**To do**
Pictures excluded, copy all of the data below exactly.

**Collected data**
== Segment start ==

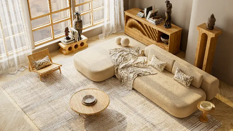 - Organic Materials: Use wooden floors, stone finishes, and natural fibers like wool or linen.
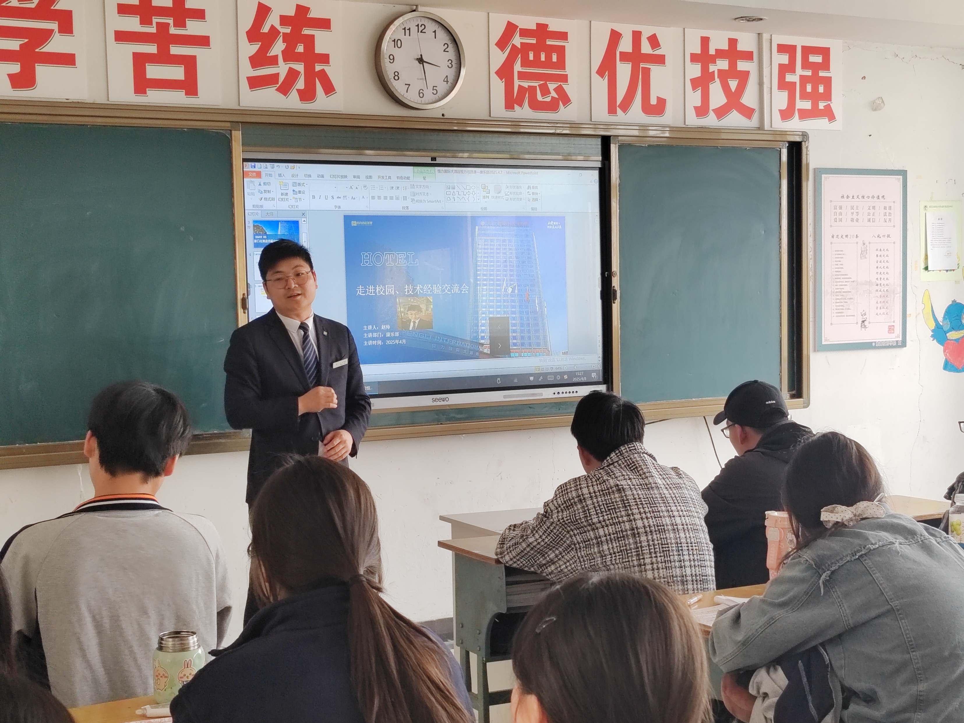 2025年4月8日,现代服务系举办“走进校园、技术经验交流会”专题讲座,特邀宿迁恒力酒店康乐部经理赵帅担任主讲嘉宾,全体酒店专业学生参加。
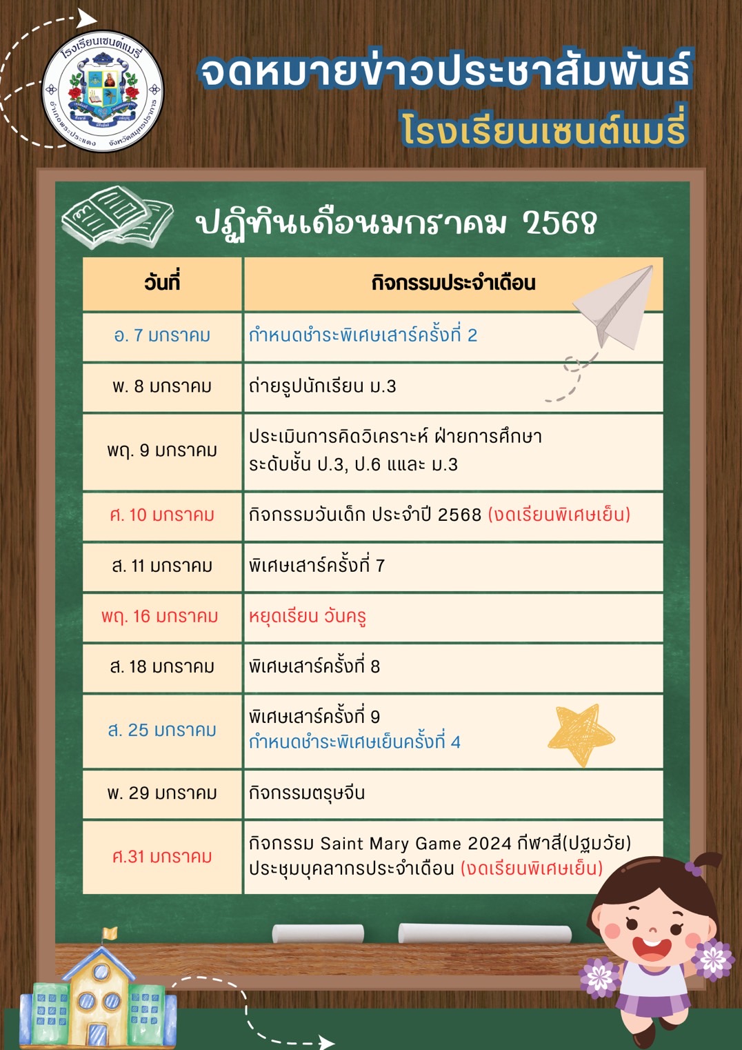 ข่าวประชาสัมพันธ์ ปฏิทินกิจกรรมประจำเดือน มกราคม 2567 โรงเรียนเซนต์แมรี่

== Segment end ==

**Your response**
 - Organic Materials: Use wooden floors, stone finishes, and natural fibers like wool or linen.
 2025年4月8日,现代服务系举办“走进校园、技术经验交流会”专题讲座,特邀宿迁恒力酒店康乐部经理赵帅担任主讲嘉宾,全体酒店专业学生参加。
 ข่าวประชาสัมพันธ์ ปฏิทินกิจกรรมประจำเดือน มกราคม 2567 โรงเรียนเซนต์แมรี่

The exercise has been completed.